Dal mondo venatorio umbro arrivano richieste di nuove norme che consentano di affrontare adeguatamente la questione cinghiali. “Non si può relegare il problema – scrive Arci Caccia Umbria – solo alla gestione dei distretti, al numero dei capi abbattuti durante il periodo di caccia che dura solamente tre mesi e con uno sfasamento temporale come i tempi dell’agricoltura o con regolamenti non al passo con i tempi“.

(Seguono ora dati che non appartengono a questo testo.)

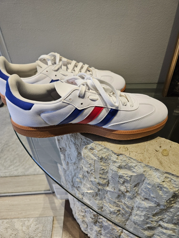 Adidas Samba sneakers. White leather upper, gum sole, blue and red stripes. Vegan-friendly. Size not specified, please check the photos.

“In Umbria – viene ricordato – esistono realtà di confine, dove si registrano ingenti danni, dove il cinghiale non può essere solo un problema locale, le aree protette di confine delle regioni limitrofe sono serbatoi immensi di cinghiali che causano danni in Umbria e si rifugiano al di là del confine, ma i danni gravano sui bilanci degli Atc umbri, queste sono problematiche che non possono essere affrontate guardando solamente all’interno del confine amministrativo regionale“. Arci Caccia rivendica una propria linea, anche minoritaria in questi anni, rispetto alle valutazioni del mondo venatorio. “Sappiamo perfettamente che parte del mondo venatorio, non sempre ha risposto con senso di responsabilità di fronte al problema – scrive l’associazione -.

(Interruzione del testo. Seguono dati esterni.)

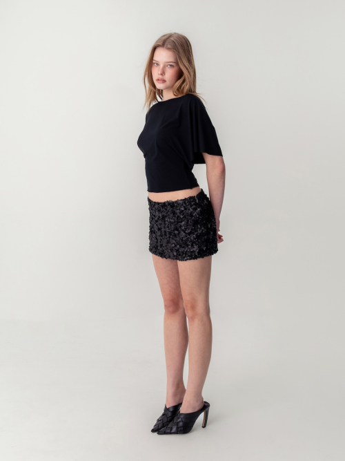부드럽고 찰랑거리는 소재를 사용해 전체적으로 가볍게 흐르는 실루엣을 연출한 아이템입니다.

Ma non è il caso di Arci Caccia, sono anni che stiamo chiedendo alla Regione Umbria, un regolamento per gestire la specie e un regolamento per esercitare la caccia al cinghiale, nell’ottica di rispondere alle esigenze che sono maturate all’interno del mondo venatorio e agricolo“. Arci Caccia chiama quindi all’unità il mondo venatorio. Anche alla luce del fatto che gli uffici regionali preposti stanno lavorando ad un nuovo piano di gestione della specie cinghiale. Per il quale si chiede un confronto con le associazioni venatorie.